COTILLÓN
Caminaba
despacio, arrastrando los pies. Desaliñado, hasta sucio, con barba de semanas,
quizás meses. Delgado de hambre, callado de angustia, triste de incomprensión,
millonario de lástima. Apretaba los timbres de cada casa de aquella calle
concordiense, donde el sol entrerriano de diciembre quemaba como el infierno. A
veces, qué casualidad, no había nadie. Otras, no abrían la puerta y le
contestaban una incongruencia: "no queremos nada", sin darse cuenta
que " él no ofrecía nada".
Así
una y cien veces, mientras llegaba la noche y nacían las luces. Cuando
imaginaba ya acostarse en la céntrica Plaza 25 de Mayo a escuchar los ruidos de
la cena insatisfecha - acurrucado por el Monumento a la Madre del famoso escultor
porteño Luis Perlotti - se abrió una puerta que ni siquiera había rozado y una
voz con más alcohol que sonido le dijo: "

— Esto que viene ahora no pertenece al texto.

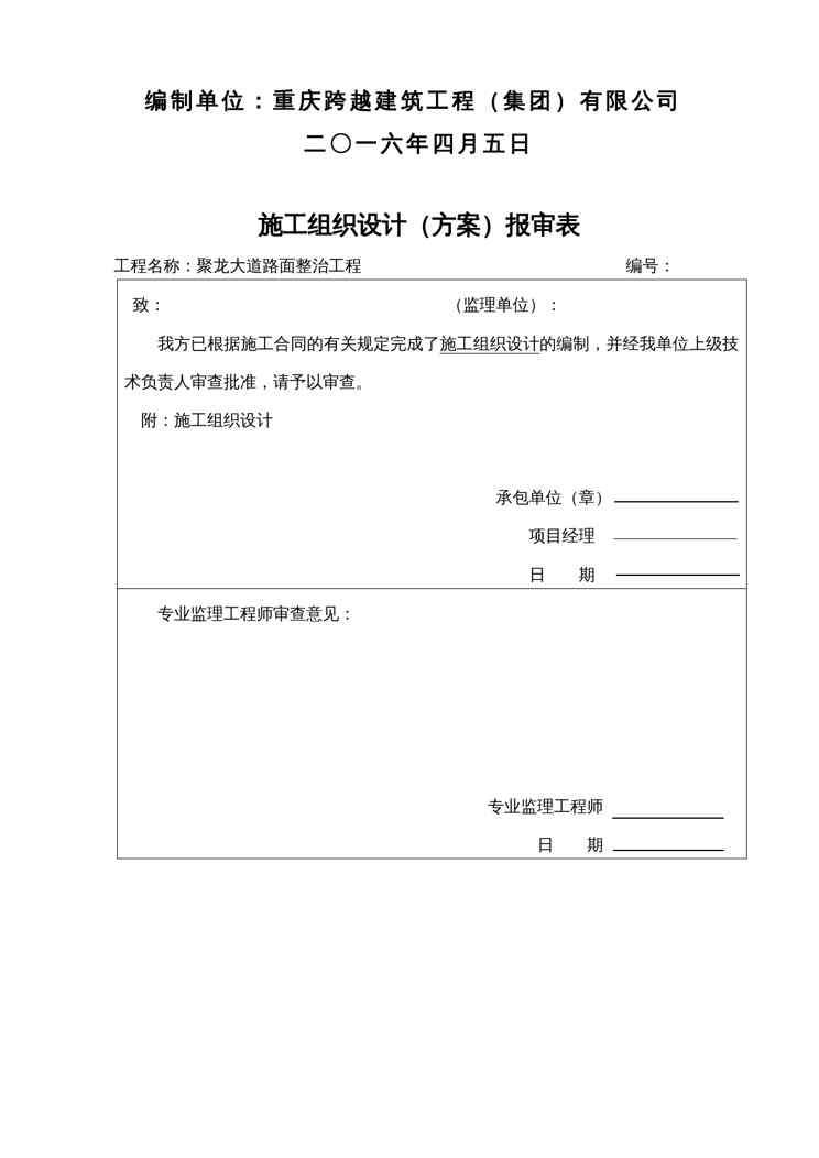 不久前,最新文档《{企业组织设计}道路施工组织设计聚龙》全文正式在本站发布,感兴趣的用户可以下载阅读。 声明:本站所有文章,如无特殊说明或标注,均为本站原创发布。任何个人或组织,在未征得本站同意时,禁止复制、盗用、采集、发布本站内容到任何网站、书籍等各类媒体平台。如若本站内容侵犯了原著者的合法权益,可联系我们进行处理。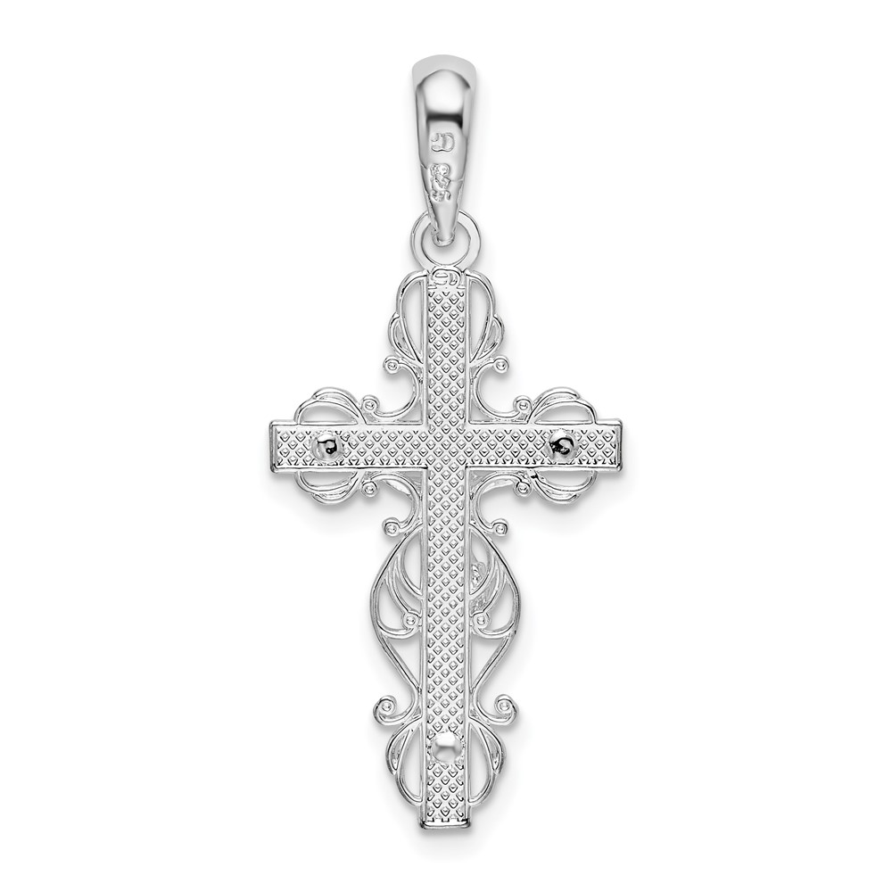 De-Ani Sterling Silver Rhodium-Plated Polished Lace Trim Crucifix Pendant

Pasá, toma la bolsita con el bonete, los pitos y las matracas. No te ubico con
el disfraz pero supongo que sos amigo de Susana. A ésta la conocen todos desde
el Yuquerí Chico hasta la represa de Salto Grande y ninguno se quiere perder el
festejo de sus 40 años. Servíte lo que quieras".
Entró
empujado por el asombro y animado por la necesidad. En su cabeza, con tanta
melena, el sombrerito de cartón se ubicó como un bote en tormenta de alta mar.
El asma no le daba aire para soplar la corneta, pero igual se la puso en la
boca para no romper la magia de la fiesta que se desarrollaba entre la
oscuridad , música a rabiar y el clericó, con mucho vino y poca fruta, eso sí,
fundamentalmente naranja, para honrar a la Capital del Citrus.
Se
miró el dedo gordo que asomaba por la puntera de su zapato izquierdo - que
había transformado su vestimenta en una mascarada - y le agradeció su
existencia , mientras se acercaba sigiloso a la mesa de los triples. Ya habría
tiempo de saludar a la desconocida Susana y entregarle algún regalo imaginario.

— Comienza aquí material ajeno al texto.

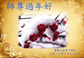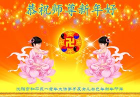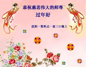 转眼间要过大年了,我们全家人给尊敬的恩师拜年了:师父过年好!弟子一定时刻以法为师,百分之百的信师信法,遇事向内找,修好自己更好的完成救度众生的神圣使命。念师父,盼望师父早日回大陆。深深叩拜恩师苦度救命之恩! 辽宁省沈阳大法弟子恭祝慈悲伟大的师尊过年好!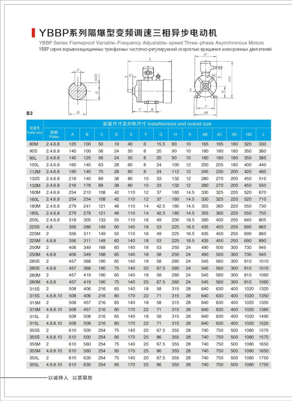 YBBP系列隔爆型變頻調(diào)速三相異步電動(dòng)機(jī),是我公司根據(jù)市場(chǎng)需求而開發(fā)的新產(chǎn)品,與變頻器配合使用,可以實(shí)現(xiàn)較寬范圍內(nèi)平滑無級(jí)調(diào)速,調(diào)速范圍、動(dòng)態(tài)響應(yīng)、調(diào)速精度、低頻轉(zhuǎn)矩、轉(zhuǎn)差補(bǔ)償、功率因數(shù)、效率等方面均有很大的優(yōu)越性,是滿足煤炭、石油、化工等有爆炸性氣體混合物電動(dòng)機(jī)防爆性能符合GB3868.1-2010《爆炸性環(huán)境 第1部分:設(shè)備通用要求》和GB3868.2-2010《爆炸性環(huán)境 第2部分:由隔爆外殼“d”保護(hù)的設(shè)備》的規(guī)定。

Con la panza llena se le ocurriría algo que justificara su presencia allí,
independientemente de que él no había "entrado" sino que "lo
entraron".
Pasaron
las empanadas, las salchichitas con mostaza, las canciones de los que no saben
cantar pero que divierten a los demás porque el ridículo tiene más marketing
que la cara de culo. Era el momento del happy birthday, la torta y el champange.
Hora
de emprender la retirada. Por las dudas y también por las certezas del día
después, se metió en el bolsillo del saco raído tres cañones con dulce de leche
para el desayuno del domingo al despertarse en el banco placero con las
campanas de la misa de diez de la Catedral de San Antonio de Padua de la
Concordia.
Antes
que se apagara el ruido y se prendieran las luces, retornó a la vereda. Era
madrugada y los faroles de la calle estaban off, cumpliendo con la ordenanza
municipal de ahorro de energía. Si hubiera habido alguna claridad proveniente
de una luna que no vino a la reunión, habría alcanzado a ver el cartel que no
vió cuando su inesperado amigo le abrió la puerta.
Decía:
" Hoy Gran Fiesta de Cotillón Gran. La Su entra en Cuarentena.".